Multidisciplinary Pain Clinic, Bispebjerg Hospital, Copenhagen, Denmark.

出版信息

Postgrad Med J. 1991;67 Suppl 2:S2-8.

PMID:1684656
Abstract

Chronic somatic pain patients often present more than one pain location with concomitant different pain complaints (pain qualities) which may need to be treated individually. Major attention should be given to the identification of opioid insensitive neurogenic pain qualities, and to a lesser degree the pain intensity.

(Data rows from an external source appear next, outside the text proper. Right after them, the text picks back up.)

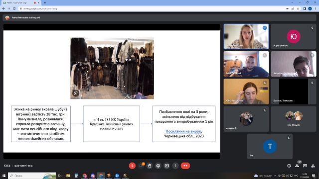 Кожне з розглянутих питань лекторка супроводила детальними прикладами, що взяті з реальних вироків суду. Завдяки цьому студенти мали можливість не лише отримати теоретичні знання з теми, а і познайомитись з тим, як суди застосовують норми права на практиці.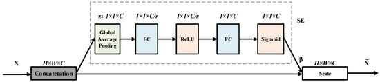 where , and . Finally, the final output of the SE module is obtained by scaling the feature map input X with :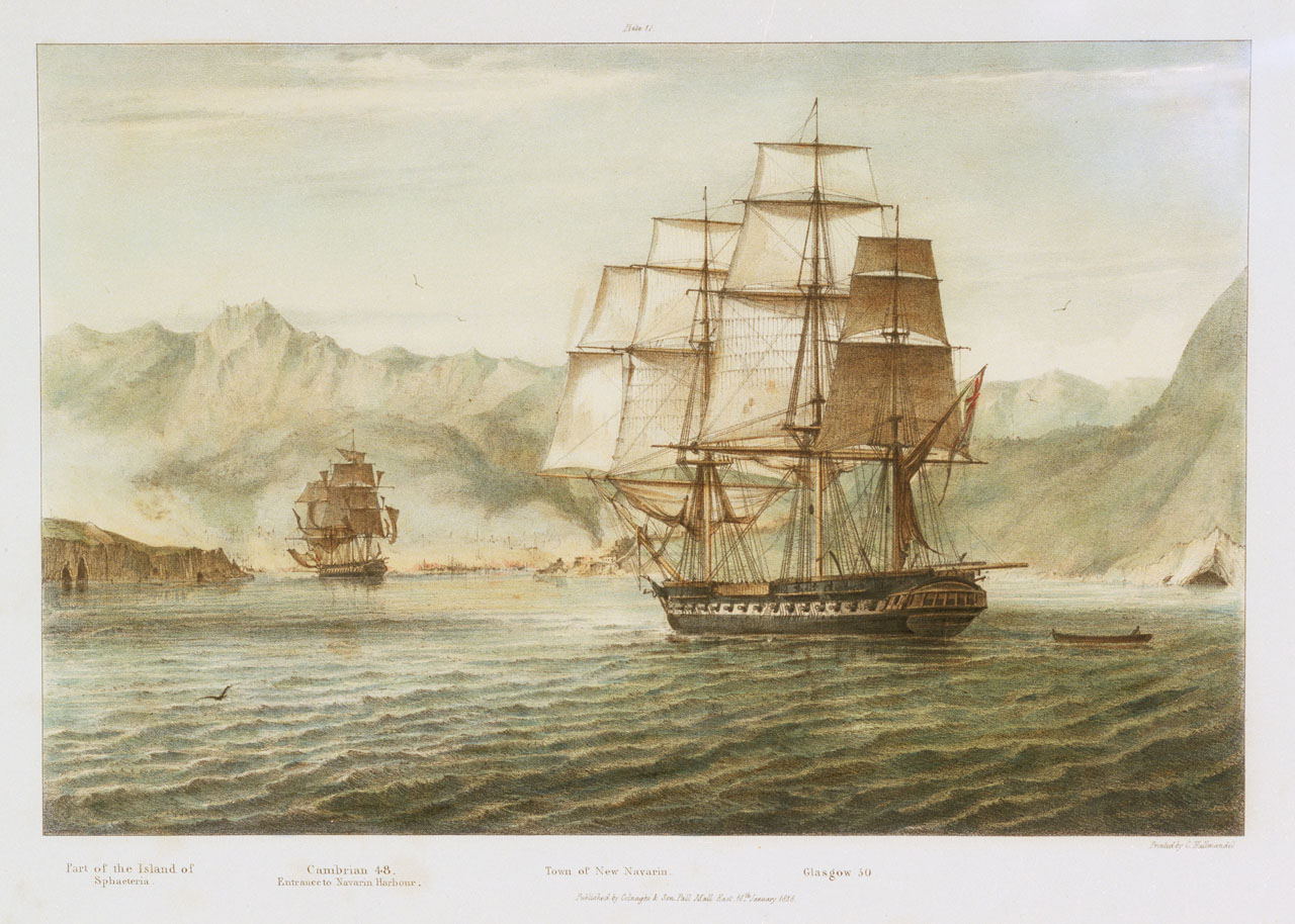 Glasgow and Cambrian at the Battle of Navarino, 20 Oct 1827. Hand-coloured.; Plate no.11.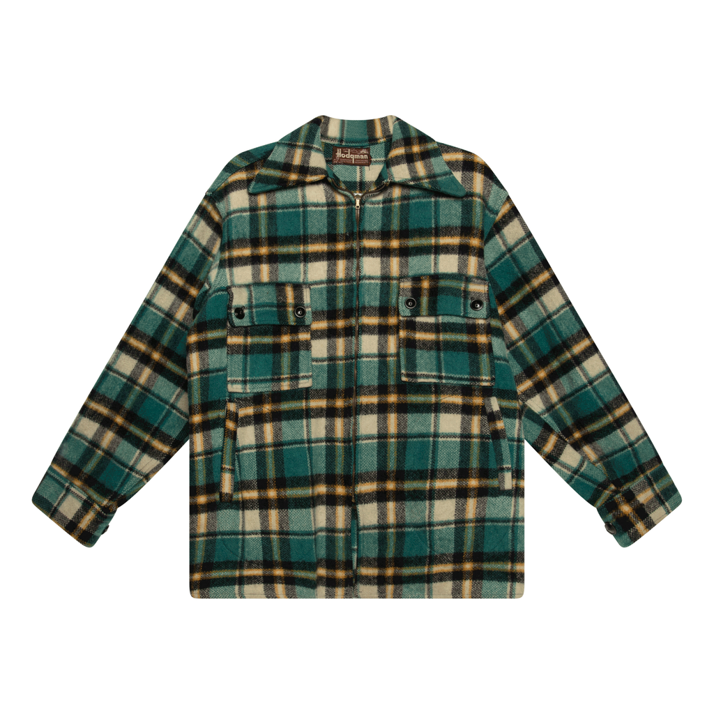 Hodgman Plaid Green Zip Up Jacket features and four front pockets.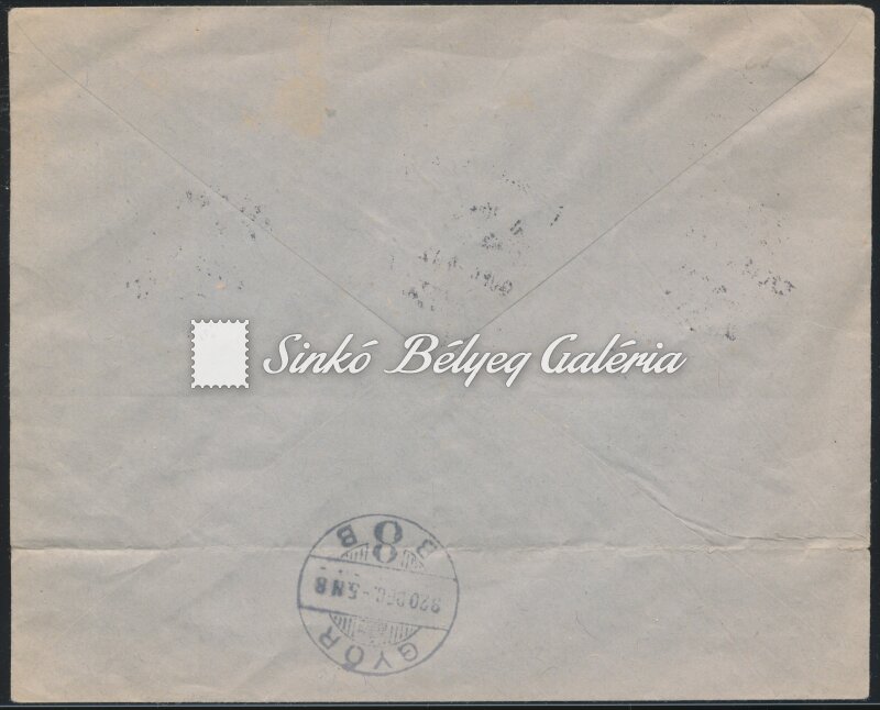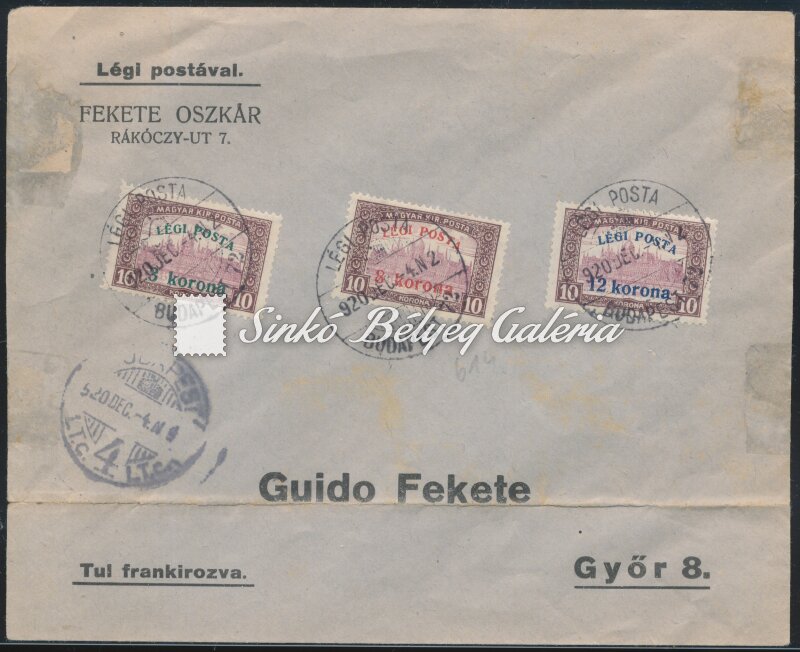 Leírás | 1920.12.04. Légiposta levél BUDAPEST-GYŐR között. Teljes sorozat levélen, érkezési bélyegzővel! / 1920.12.04. Airmail letter between BUDAPEST-GYOR. The complete set on letter, with arriving cancellation! |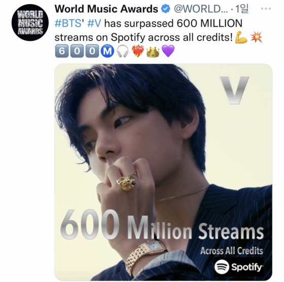 11월 27일 뷔의 스포티파이 개인 페이지에 수록된 드라마 OST 3곡과 인스트루멘털(Instrumental)이 6억 스트리밍을 돌파, 믿고 듣는 'OST 킹' 존재감을 빛냈다.
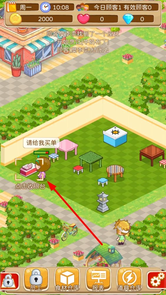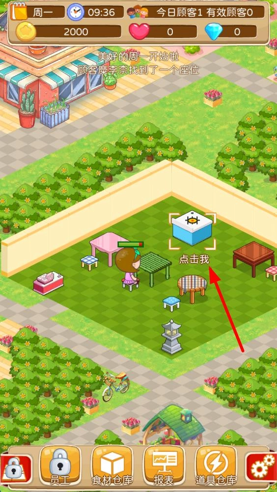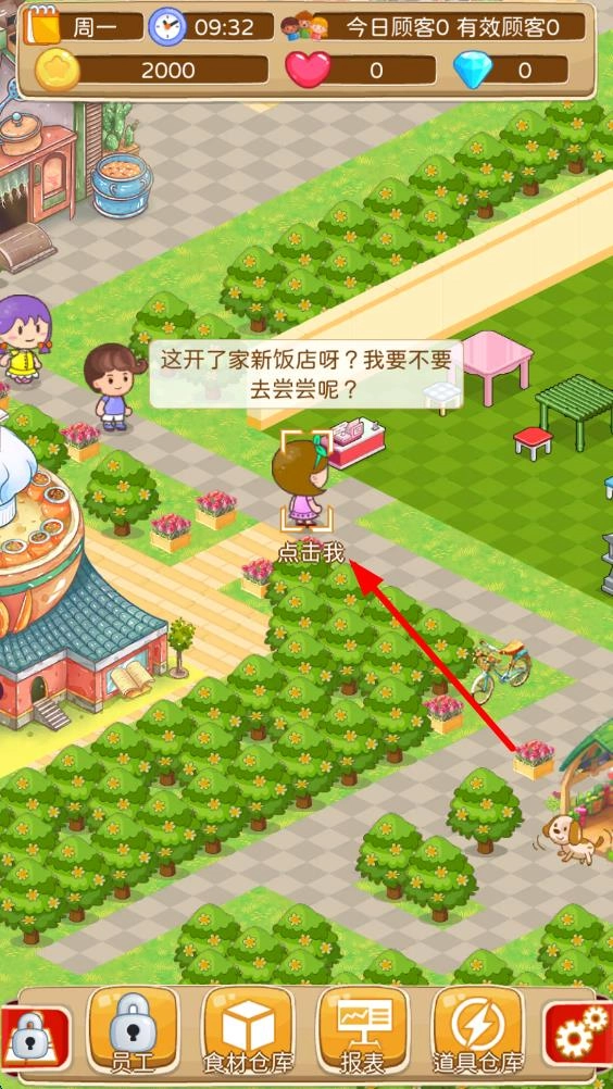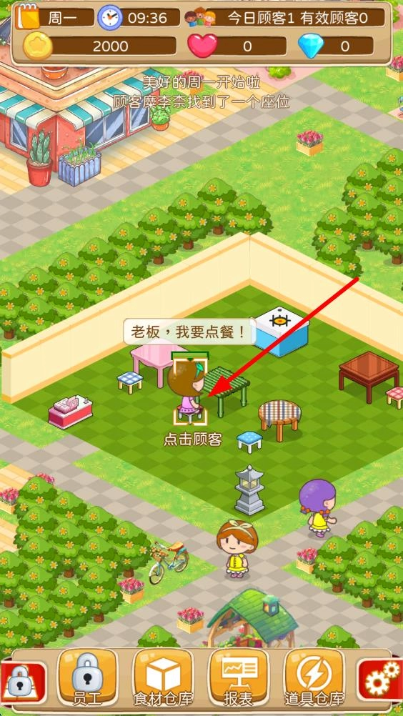 1. 进入游戏之后,注意场景里带有提示的顾客。一旦看到顾客来到门口,点击相应顾客,即可开启顾客进店流程。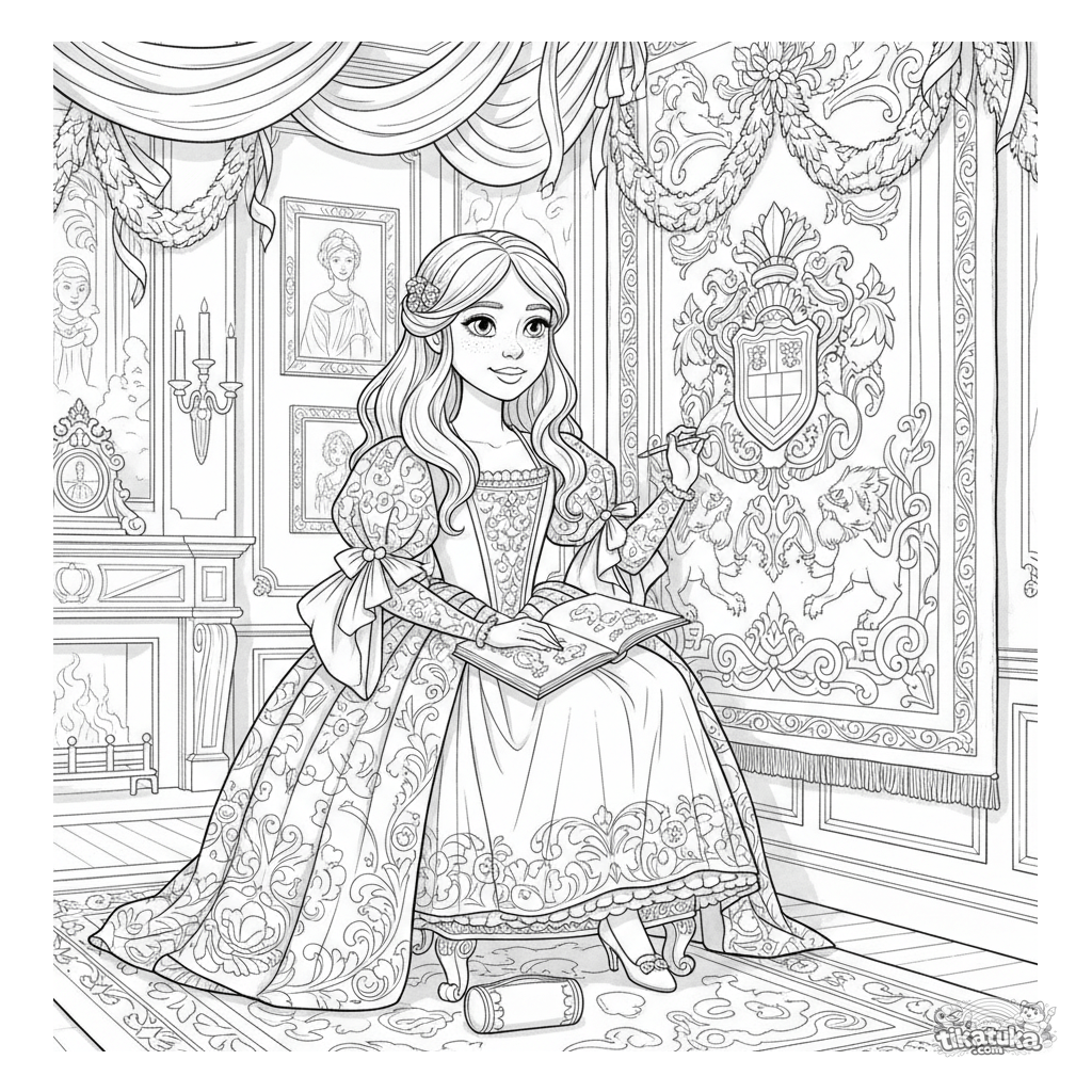 Complex coloring page for kids 10-12: a girl in a historical dress sketches the decorations of a ballroom. Detailed outlines, creative atmosphere.

The following pain qualities are of interest: Diffuse deep located nagging pain which is treated with peripherally acting analgesics and/or long acting opioids. Dysaesthetic pain, described as a superficial burning sensation, is usually only partially responsive to opioids and may be treated with antidepressants, whereas neuralgic pain usually is unresponsive to opioids and may be treated with anticonvulsants. Other special pain qualities should be treated as specifically as possible. With this differentiated pharmacological therapy approximately 70-90% of somatic pain patients can be treated with satisfactory pain relief or freedom from pain, at least at rest.

摘要

慢性躯体疼痛患者常常存在不止一个疼痛部位,同时伴有不同的疼痛主诉(疼痛性质),可能需要进行个体化治疗。应主要关注阿片类药物不敏感的神经源性疼痛性质的识别,对疼痛强度的关注程度相对较低。以下疼痛性质值得关注:弥漫性深部隐痛,可使用外周作用的镇痛药和/或长效阿片类药物进行治疗。感觉异常性疼痛,表现为浅表烧灼感,通常对阿片类药物仅部分有效,可使用抗抑郁药进行治疗,而神经痛通常对阿片类药物无反应,可使用抗惊厥药进行治疗。其他特殊的疼痛性质应尽可能进行针对性治疗。通过这种差异化的药物治疗,约70-90%的躯体疼痛患者至少在休息时能够获得满意的疼痛缓解或无痛状态。